Dash-cams are already growing in popularity but only recently has there been any progress in enabling insurers to have access to this data to support claims. So, if you have a dash-cam don’t always expect this to be reflected in your insurance policy.

ADAS (Advanced Driver Assistance Systems) is proven to reduce accidents but as the technology tends to be in high end, newer vehicles – claims costs are higher for repair so, again, insurers have been reluctant to reward drivers with this tech through premium discounts.

So, why not bring all this technology into one retro-fitted device?

Wi-Fi, vehicle tracking, driver behaviour monitoring, risk mapping, a high-definition camera, ADAS capabilities with sensors looking forward to the road, and intelligent voice. One device with all of this tech mounted on the dashboard of any car – not just the latest models. This has the potential to revolutionise the FNOL process and completely change the game for telematics insurance.

Current telematics devices report data straight to the insurer, but the new solutions using artificial intelligence would provide immediate feedback to the customer to help avert accidents before they happen. Unlike the same tech being installed in semi-autonomous cars, the retro-fitted solution will report the data direct to the driver rather than to the vehicle computer. Intelligent Voice can also be used to support the ADAS, reinforce good behaviour and warn drivers in hazardous situations.

Benefits across the board

Next generation telematics devices will provide video evidence of incidents leading to claims. It will therefore play a key role in helping the insurance industry tackle fraud, as well as improving the claims journey for both insurer and policyholder. The use of Intelligent Voice will also revolutionise the FNOL process, providing real customer support in their hour of need.
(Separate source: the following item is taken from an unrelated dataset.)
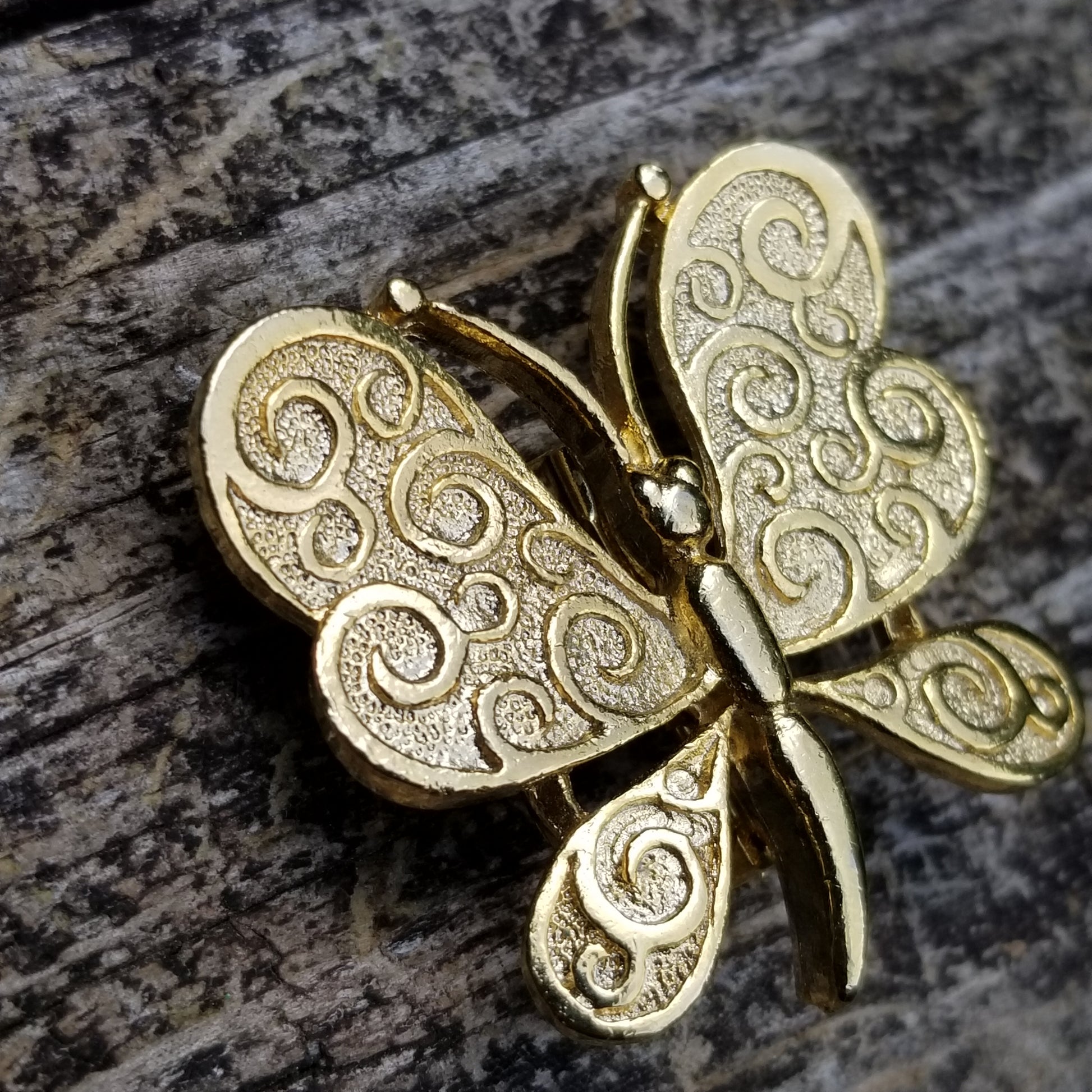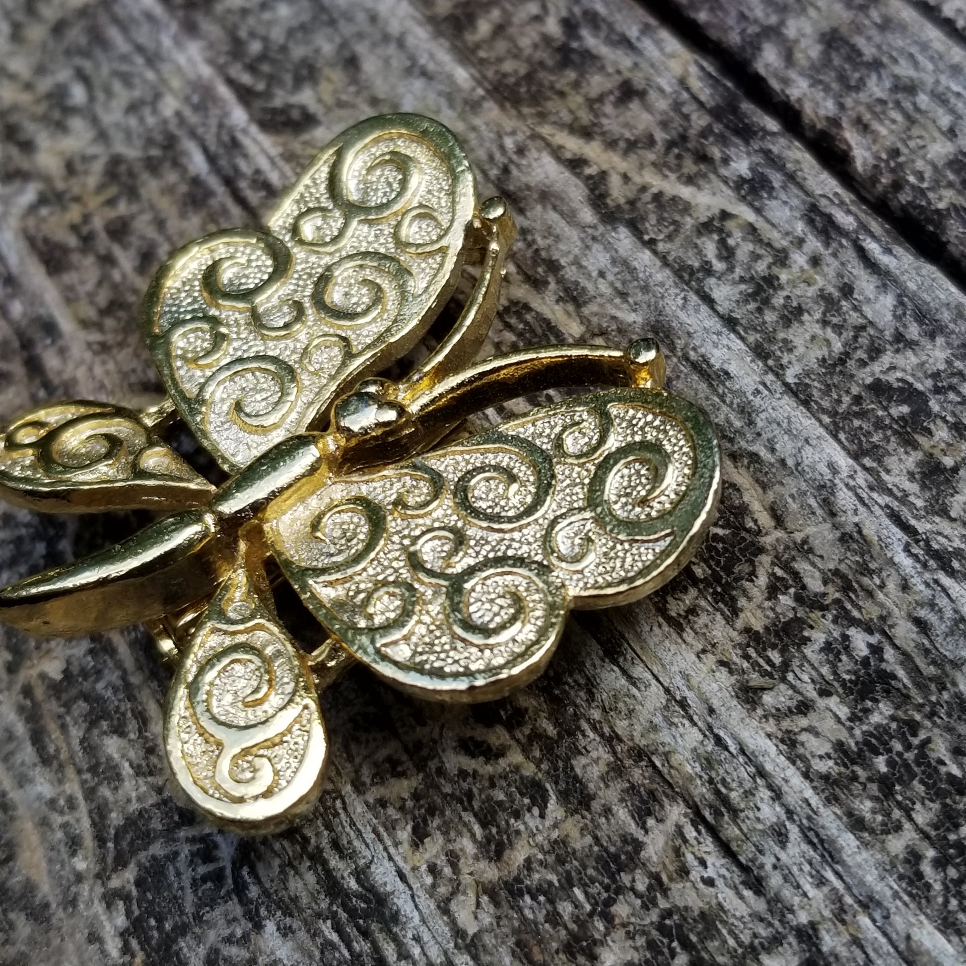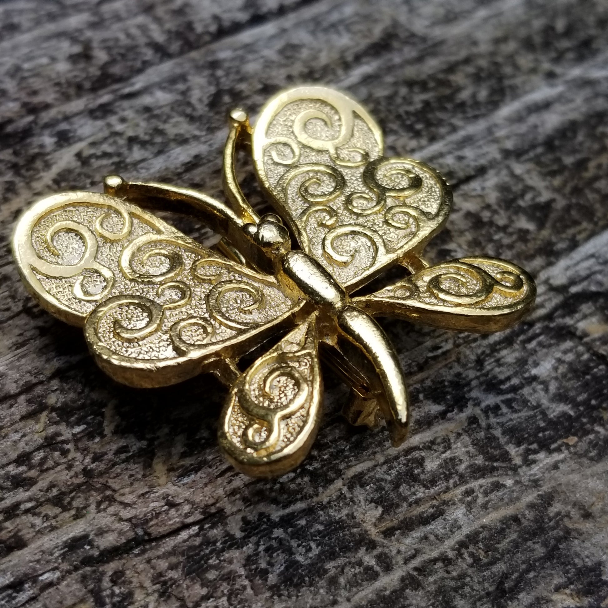 You'll get a beautiful vintage vibe with this butterfly-shaped pin! This gorgeous, gold-tone accessory is perfect for adding subtle flair to your outfit. An amazing statement piece that'll definitely make someone take a second look! 🦋

Plus of course, driver scoring will be enhanced through more accurate driver behaviour monitoring. This will enable drivers to reduce their own risk, improving safety on our roads.

The cost of technology is falling, and its capabilities are growing. Coupled with the potential savings the latest devices can provide to insurance providers, ADAS-based telematics devices clearly are the future for the telematics motor insurance market. With the ability to improve the claims journey, provide fairer premiums, create safer drivers and ultimately save lives on the roads, it’s a future that will soon be a reality. Consumers will see this as real added value and for once may see the purchase of insurance as a value for money proposition.